The Race Is On For The AI Chip

Artificial Intelligence (‘AI’) is finally taking off, helped by big data cloud computing, and breakthroughs in neural networks (computer code that emulates large networks of very simple interconnected units, a bit like neurons in the brain) and deep learning (how we sharpen AI by structuring neural networks in multiple processing layers.)

It has been greatly boosted by the use of graphic processors (‘GPU’) which are much better able to crunch massive amounts of data required for ‘training,’ the improvement of the algorithms that drive AI.

Nvidia (NASDAQ:NVDA) has been one of the biggest beneficiaries of this trend. Its GPUs are increasingly used for the data-heavy training part of improving the algorithms that drive AI applications. Its take-up has been nothing short of spectacular.

In the latest quarter (Q1) revenues from datacenter grew a whopping 186% over Q1 2016 (after growing 205% yoy in Q4 2016). While this isn’t the only driver behind the enorm ous rally in the shares (other segments like gaming and automotive are also growing at a brisk clip), it’s the most powerful:

This growth is likely going to continue as AI is accelerating, but this is such a lucrative market that it is no wonder that competition is emerging:

Google (NASDAQ:GOOG) (NASDAQ:GOOGL) has devised the Tensor Processing Unit (TPU) especially for AI. It just recently launched the second edition of the TPU. Intel (NASDAQ:INTC) is also working on a specialized AI chip the Nervana, based on technology from the company with the same name Intel acquired a few years back. It’s slated for the end of the year. IBM (NYSE:IBM) is developing ‘neuromorphic’ chip called True North that mirrors the design of neural networks, but it’s still years away from the market.
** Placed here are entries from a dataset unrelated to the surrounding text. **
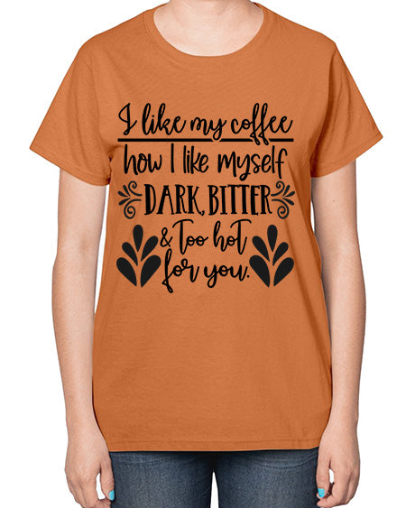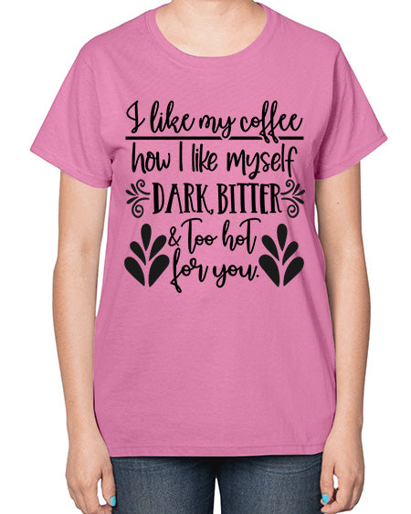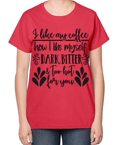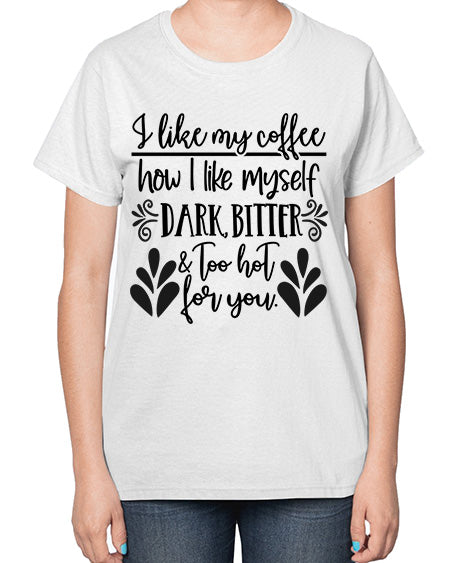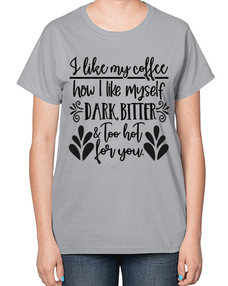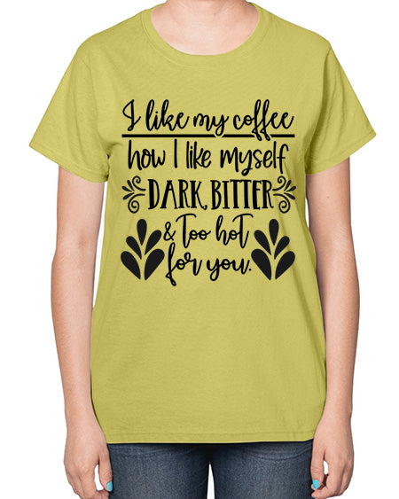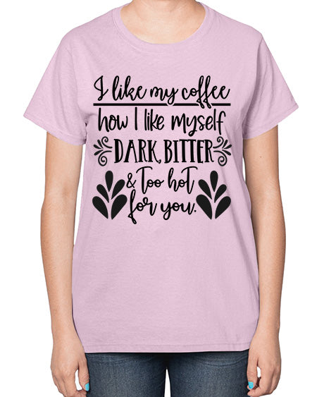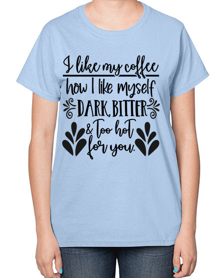 google-site-verification=jVrHOkW2AsgL_ozwUikqFQE6-Ke6U43Z8aLcUbXT5TE I like my coffee how I like myself 571# - funny- Ladies T-Shirt – Tshirt Unlimited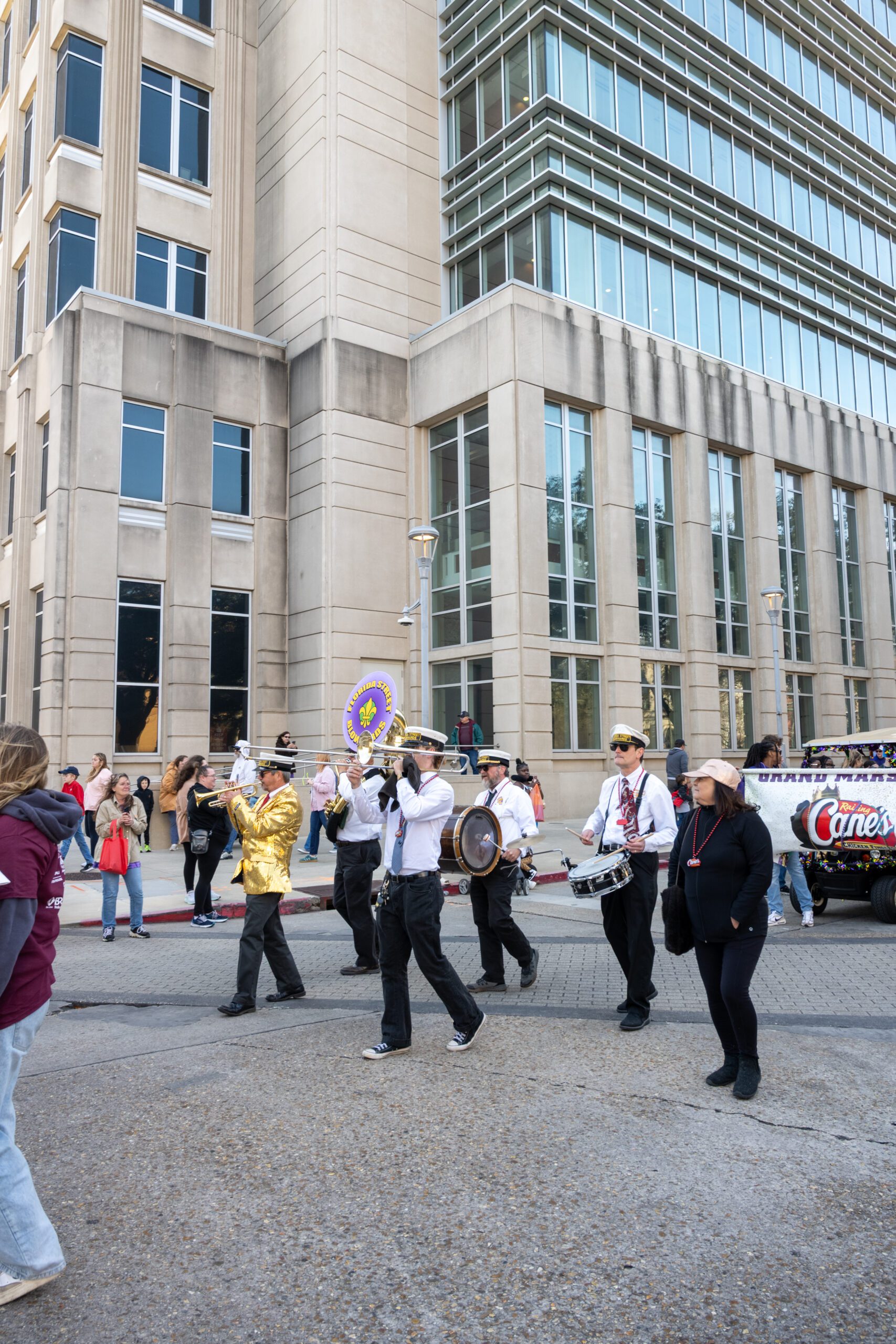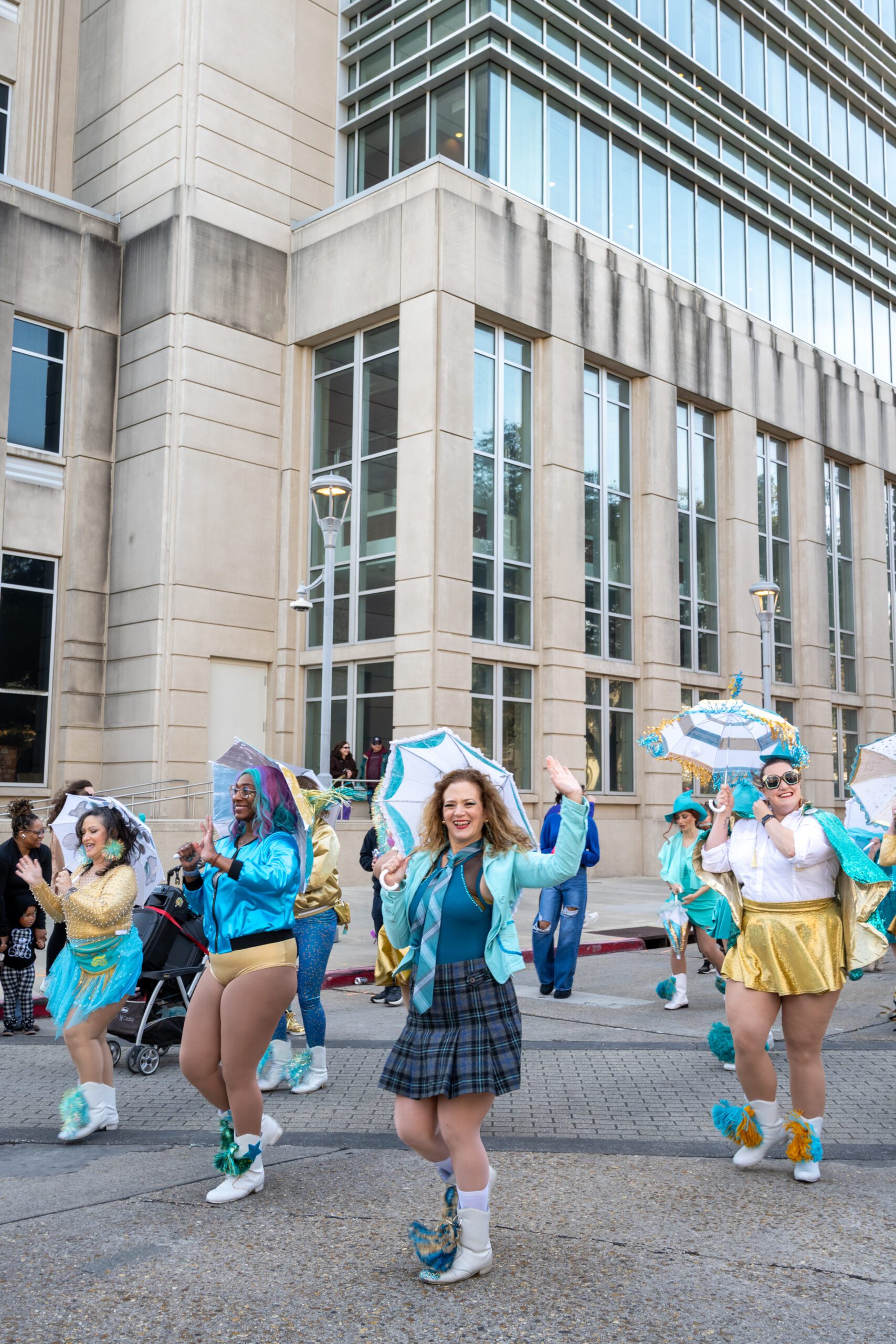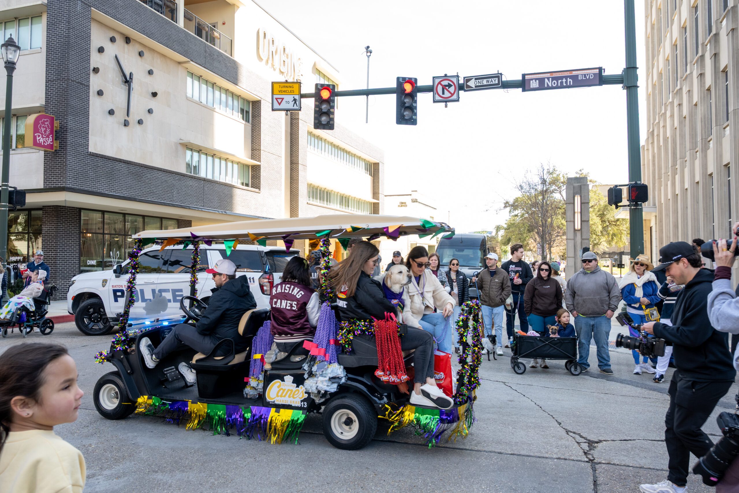 Whether wheeled in a decked-out wagon or guided by a leash, this pet-friendly parade featured plenty of dressed-up furry participants, like Raising Cane III. Humans got in on the fun, too, as the parade featured dance troupes like The Baton Rouge BeignYAYs and The Flamingeauxs. Attendees also brought along their pups to catch beads and treats as the krewe went by.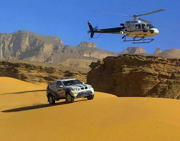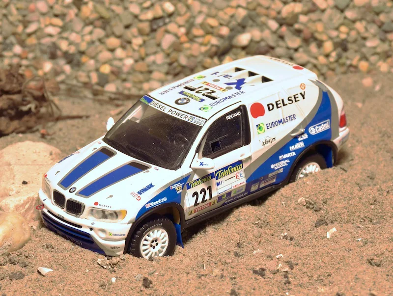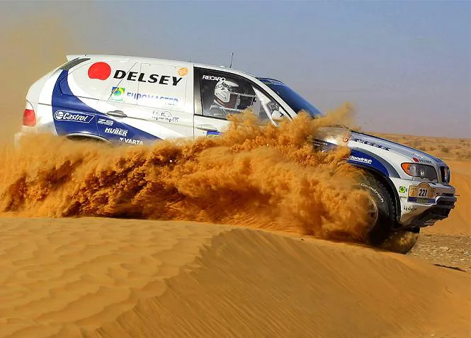 2003 Marseille – Sharm el Sheik, BMW X5. X-raid, the team from BMW-heir Sven Quandt built this Dakar version of the luxury SUV BMW X5. Former alpine ski star Luc Alphand drove the twin-turbodiesel X5 towards a 9th place in its desert debut.

Some of ARM’s upcoming designs include ways to deal with machine learning like a new architecture called Dynamiq Qualcomm (NASDAQ:QCOM) has started building chips specifically for executing neural networks Apple (NASDAQ:AAPL) is working on its own AI chip, the Apple Neural Engine as discussed by SA contributor Mark Hibben Groq, a startup by some of the people who worked on Google’s TPU, is also developing an AI chip.

This emerging competition isn’t necessarily a serious threat yet. Some of these chips are actually meant for inference on mobile devices, so they do not compete directly with Nvidia’s chips.

However, there are two considerations that are relevant here. First, GPUs were not developed for AI, from Wired:

But GPUs-originally design for other purposes-are far from ideal. “They just happen to be what we have,” says Sam Altman, president of the tech accelerator Y Combinator and co-chairman of open-source AI lab OpenAI.

With their massive parallel processing capabilities, they do perform much better than CPUs, but there could be space for improvement through specifically designed chips for neural networks and deep learning. A sign of this is that quite a number of companies are embarking on this, they seem to think so.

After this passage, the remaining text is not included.